A new generation of drugs could offer hope to patients with rheumatoid arthritis (RA), according to media reports.
Three drugs that target the immune system have been shown to cut RA symptoms by up to 50 per cent and appear to halt progression of the disease.
MabThera (rituximab) and Orencia (abatacept) have been licensed for use in the UK. A third drug, tocilizumab, is undergoing late-stage clinical trials. The licensed drugs have yet to be approved for NHS use by NICE.
What is the research?
The findings come from a review of emerging biological therapies for RA published by the Lancet.
Each of the three drugs works in a unique way and could add to the armament of disease-modifying antirheumatic drugs (DMARDs), the researchers say.
Rituximab targets the CD20 antigen expressed on B cells. Because B cells have a role in disease pathogenesis, it is believed depleting them can help treat RA. Rituximab is approved for use in combination with methotrexate only.
Trials with rituximab have shown the treatment can reduce RA symptoms by 50 per cent in one out of three patients measured against the American College of Rheumatology (ACR) response criteria.

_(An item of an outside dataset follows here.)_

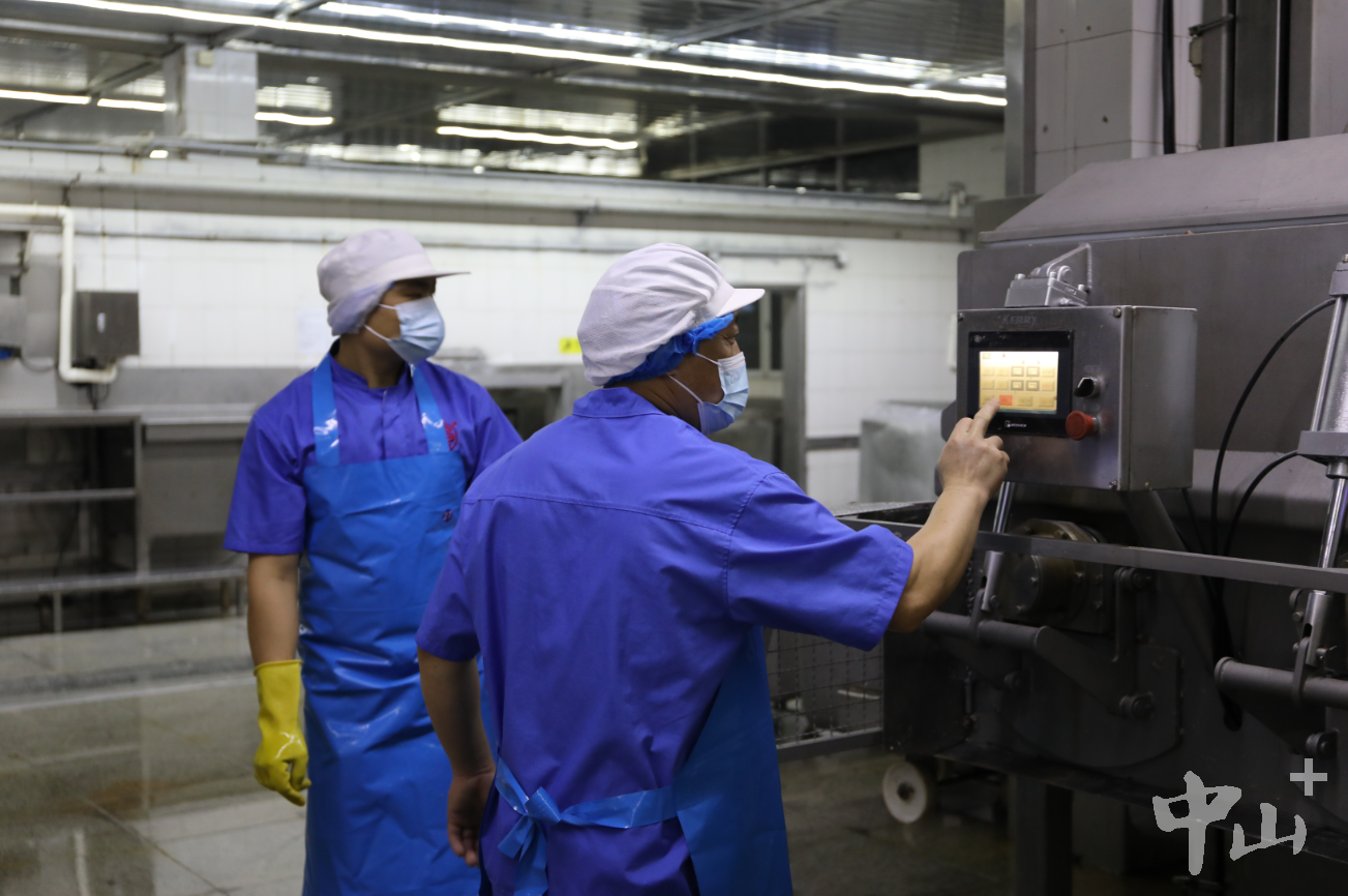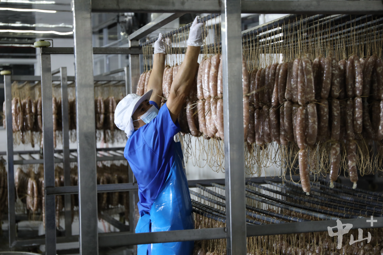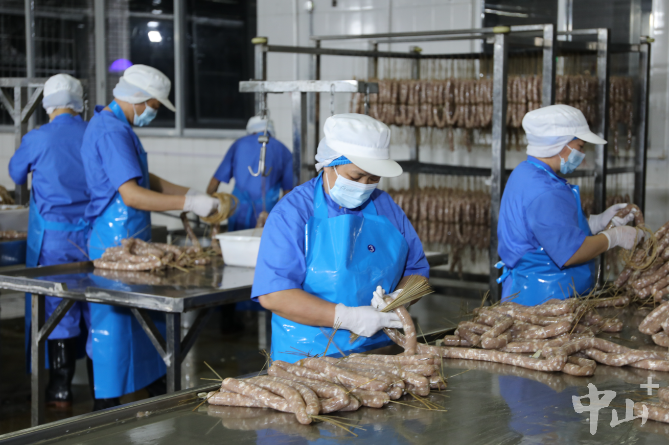 五一節(jié)前,凌晨時(shí)分的黃圃鎮(zhèn)還在“沉睡”,中山市得福肉食制品有限公司(以下簡(jiǎn)稱“得福臘味”)生產(chǎn)車間內(nèi)卻早已燈火通明。一批6000斤廣式臘味正加緊趕制,將于3天后分銷至全國(guó)各地。得益于“廣貨行天下·中山百貨進(jìn)N城”系列活動(dòng)的前期引流,即便是臘味制作傳統(tǒng)淡季,得福臘味車間也沒有停工。4月29日凌晨5時(shí)許,工人們已穿戴好手套、口罩、工作帽與圍裙,在生產(chǎn)線上忙著捆扎、晾曬等收尾工序。

Abatacept works by interfering with the T-cell activation response. As with rituximab, it is licensed for prescription when other DMARDs, including tumour-necrosis factor (TNF) inhibitors, have failed.
Research has shown that among patients with RA taking methotrexate, who were also given 10mg/kg body weight intravenous abatacept, 40 per cent had a 50 per cent cut in RA symptoms on the ACR measure.

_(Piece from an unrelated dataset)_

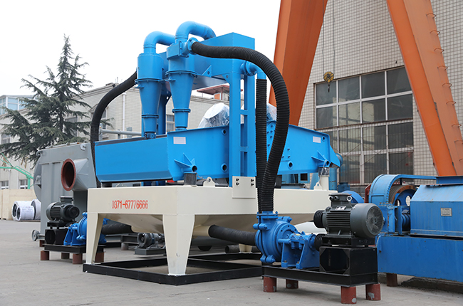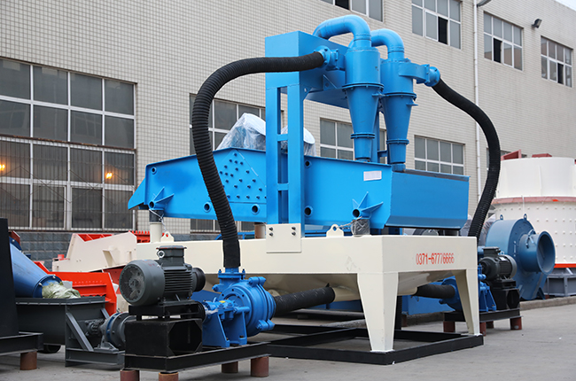 細(xì)沙回收機(jī)通過(guò)渣漿泵將濃度≤40%的泥漿注入水力旋流分離器進(jìn)行分離,分離出的粗粒部分進(jìn)入脫水篩脫水回收。最大限度的回收0.075mm以上的材料,去除0.075mm以下的污泥和黏土,可以與現(xiàn)有生產(chǎn)線上的洗砂機(jī)配套使用,也可以單獨(dú)使用,提升資源利用率, 實(shí)現(xiàn)收益最大化。分離出的粗粒部分進(jìn)入脫水篩脫水回收。最大限度的回收0.075mm以上的材料,去除0.075mm以下的污泥和黏土,
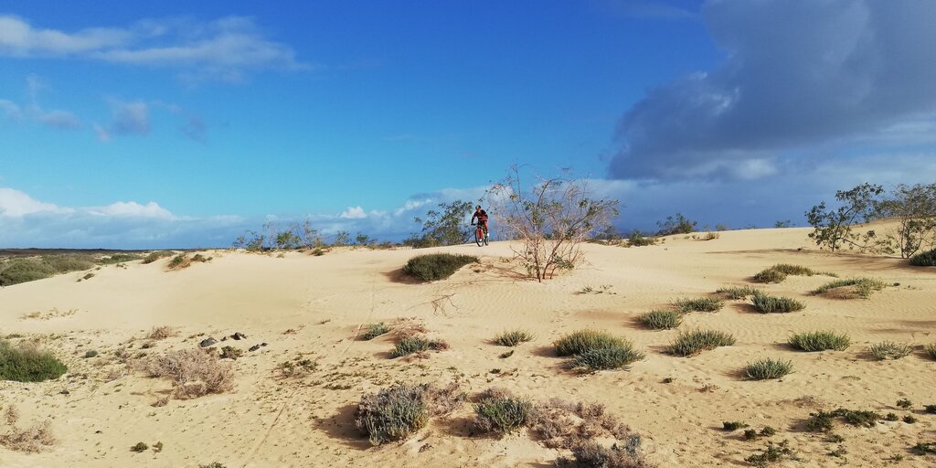 <Auf dieser ersten Etappe fahren Sie auf Küstenstraßen und Pfaden nach Norden, um Puerto del Rosario zu verlassen und die gesamte Küste in Richtung der touristischen Siedlung von Corralejo zu erradeln, vorbei an den Städten Puerto Lajas und Parque Holandes. Corralejo ist eine ausgezeichnete Möglichkeit, eine Pause einzulegen und in einem der vielen Restaurants in der Altstadt in der Nähe des Hafens etwas zu essen. Nachdem Sie wieder zu Kräften gekommen sind, verlassen Sie Corralejo, um durch den oberen Teil des Naturparks der Dünen in Richtung La Oliva zu fahren. Sie verlassen den Ort zwischen steinigen Pfaden und Dünen auf einem guten Weg, der Sie zu Ihrem Ziel führt.

Tocilizumab is not yet licensed for use in RA, but is used to treat Castleman's disease in Japan, report the researchers. The drug targets interleukin 6, which is involved in RA pathogenesis.

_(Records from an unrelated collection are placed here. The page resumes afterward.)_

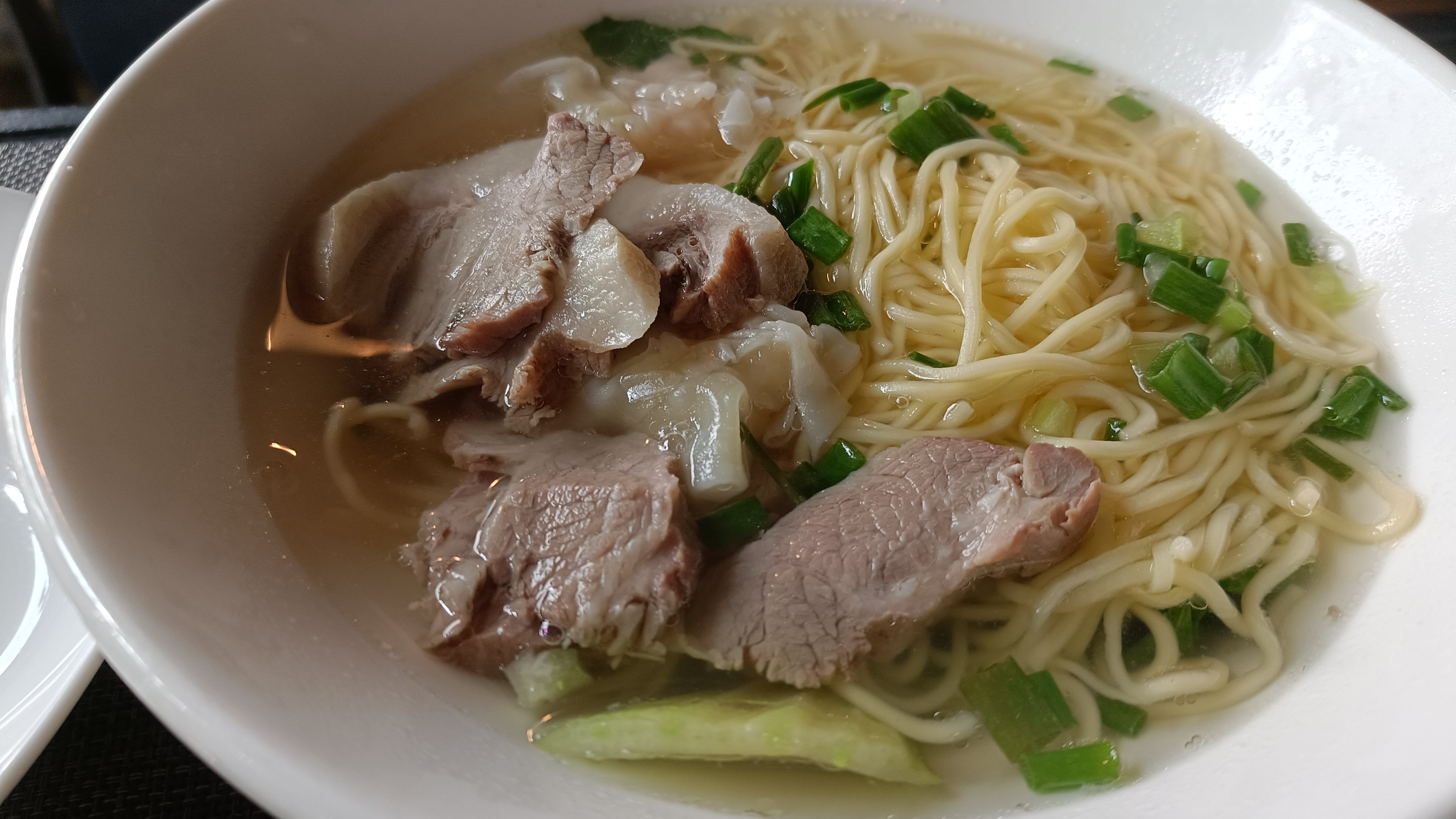 맑은 국물에 고기와 면이 들어간 에그누들, 자극적이지 않고 맛있었다.
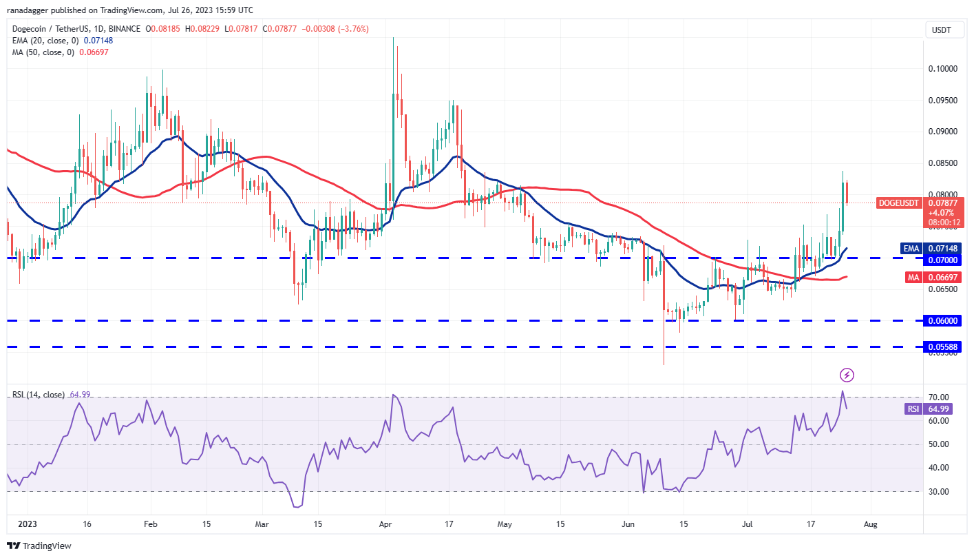 Dogecoin (DOGE) turned up from $0.07 on July 23, indicating that the bulls have flipped the level into support.
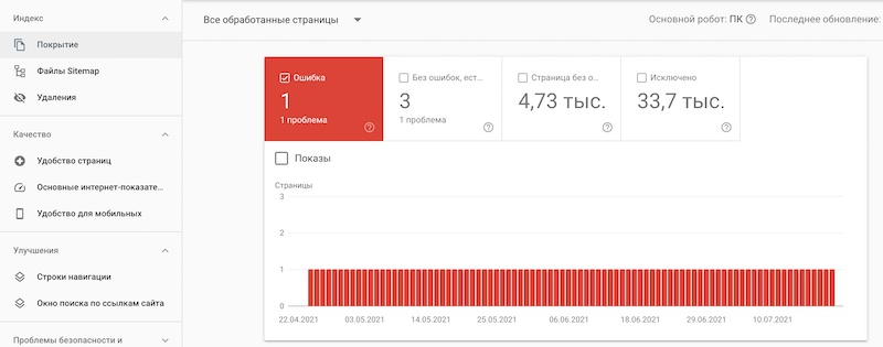 Покрытие сайта в поиске ГуглВ этом разделе можно узнать, какие страницы были проиндексированы Гуглом, а также какие разделы сайта были исключены из поиска. Сервис отображает данные в виде графика, а также предоставляет детальную сводку.
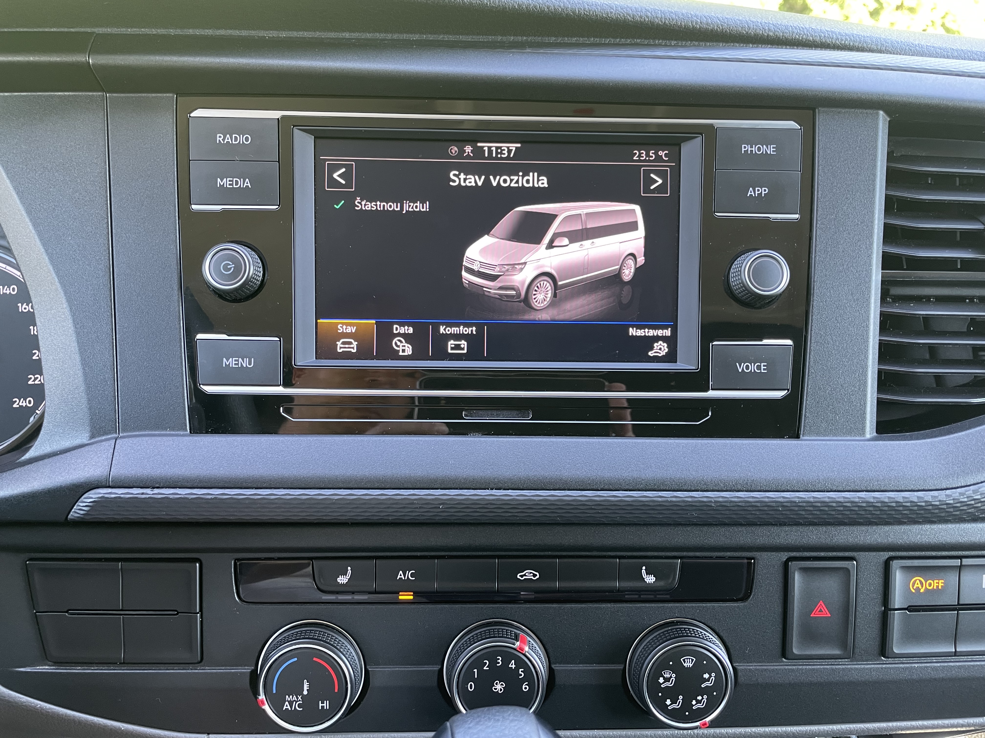 aut. převodovka, 2x airbag, ABS,stabilizace podvozku (ESP), protiprokluzový systém kol (ASR), aut. zabrzdění v kopci, tažné zařízení, posilovač řízení, man. klimatizace, nezávislé topení, nezávislé topení s čas. předehřívačem, tempomat, palubní počítač, parkovací senzory přední, parkovací senzory zadní, nastavitelný volant, deaktivace airbagu spolujezdce, hands free, Android Auto, Apple CarPlay, bluetooth, el. okna, střešní nosič, el. zrcátka, imobilizér, centrál dálkový, centrální zamykání, vyhřívaná sedadla, výškově nastavitelné sedadlo řidiče, senzor tlaku v pneumatikách, start-stop systém, otáčkoměr, USB, autorádio, venkovní teploměr, vyhřívaná zrcátka, boční posuvné dveře

Phase-II trial data indicates that, used in combination with methotrexate, an ACR response rate of 50 per cent was found in 40 per cent of patients.
Noted side-effects of the drugs include serious infections with rituximab and abatacept. Abatacept has also been linked with headache and dizziness.
Some patients who have taken tocilizumab have experienced headache, skin eruptions, stomatitis and fever, as well as increased cholesterol and liver enzymes.
What do the researchers say?
Lead researcher Professor Josef Smolen, from the Medical University of Vienna, said: 'With every new drug we have a number of patients we are able to treat.'
But patients with RA who are being treated successfully with established therapies should not be looking to switch to these newer therapies, he added. 'New does not necessarily mean better; new means new option.'
Professor Paul Emery, from the University of Leeds, also involved in the study, said: 'RA is treatable and some patients need complex therapies and need to be referred for specialist assessment.'
What do other experts say?
Professor David Scott, a rheumatologist in Norwich and medical advisor to the National Rheumatoid Arthritis Society, said the drugs could prove useful alternatives when anti-TNF drugs fail or prove unsuitable. This happens in around 30 per cent of patients.
'Anti-TNFs are not the answer to everybody's prayers, although for some people they are useful,' he said.
Professor Scott added that GPs 'should persuade their PCOs that patients with bad RA need these drugs'.